Sex and the City come modello di vita

Sex and the City è realtà, e noi donne preferiamo il sesso all’amore.

Alcuni ricercatori hanno a tal proposito dimostrato come le donne abbiano ormai più partner degli uomini perché, a differenza di qualche decennio fa, sono alla ricerca di attività rilassanti che le distraggano dallo stress di tutti i giorni. Il sesso sembrerebbe essere una di queste. Casa, famiglia e carriera invadono completamente la vita diventando quasi qualcosa da cui fuggire, ed è giusto -giustissimo- cercare una scappatoia. I risultati di un sondaggio realizzato in America, che ha coinvolto circa 2000 donne, parlano chiaro: la maggior parte delle intervistate non ha perso la verginità per amore e soltanto il 32% crede che questo sia l’ingrediente indispensabile per un sesso favoloso; a voler arrivare vergini al matrimonio invece è soltanto l’1% e ben una su quattro si sposerebbe per soldi.

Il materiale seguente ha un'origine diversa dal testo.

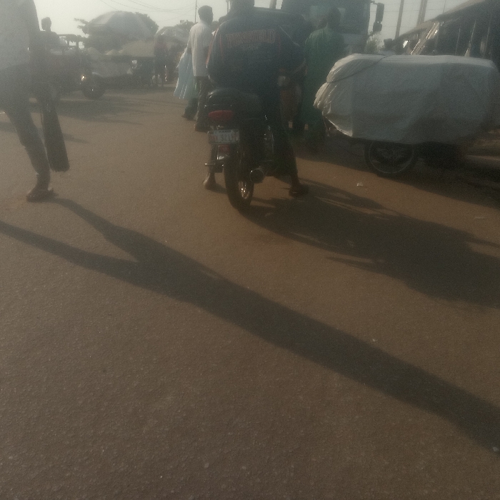 A sun-drenched street scene shows several figures walking and standing near vehicles. A motorcycle with a rider is central, positioned among pedestrians and a covered cart. A figure walks prominently in the foreground, casting a long shadow that dominates the lower portion of the frame. The background is slightly blurred, indicating a busy or congested area.
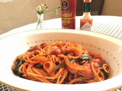 ナポリタンを頼んでみましたが、具だくさんで、ウインナーや玉ねぎ、ピーマンのほか、ほうれん草も入っていました。
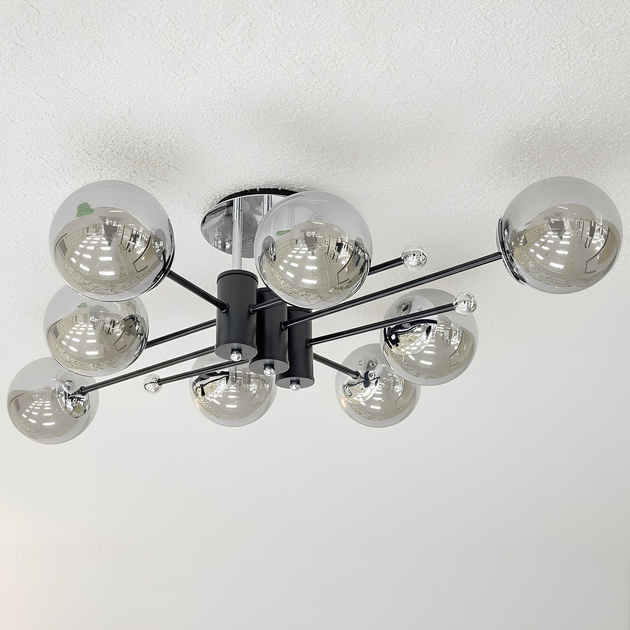 Стельова люстра-молекула VALESO 91191/8 з вісьма кулястими хромованими плафонами під лампи Е27 корпус чорний/хром

Perché diamo importanza alla verginità?


L’atto di perdere la verginità, prima di essere catalogato come una delle tante esperienze sessuali, è comunemente considerato dalla cultura occidentale come un importante rito di passaggio. Questa concezione è stata spesso enfatizzata da molti romanzi e film destinati al pubblico adolescente (basta ricordare il cult per teenager “American Pie”), ma in generale la perdita della verginità può essere vista o come un evento di cui vantarsi oppure come un fallimento di cui vergognarsi, a seconda delle percezioni culturali e del proprio orientamento religioso. Storicamente, il valore attribuito alla verginità è fortemente influenzato dalla percezione dei ruoli di genere. Vale a dire che per il maschio la perdita della verginità viene considerata quasi sempre come motivo d’orgoglio, mentre per la donna il non essere più vergine è spesso visto come qualcosa di cui vergognarsi, tanto che in passato le donne non più illibate erano guardate con disprezzo perché portavano addosso il disonore.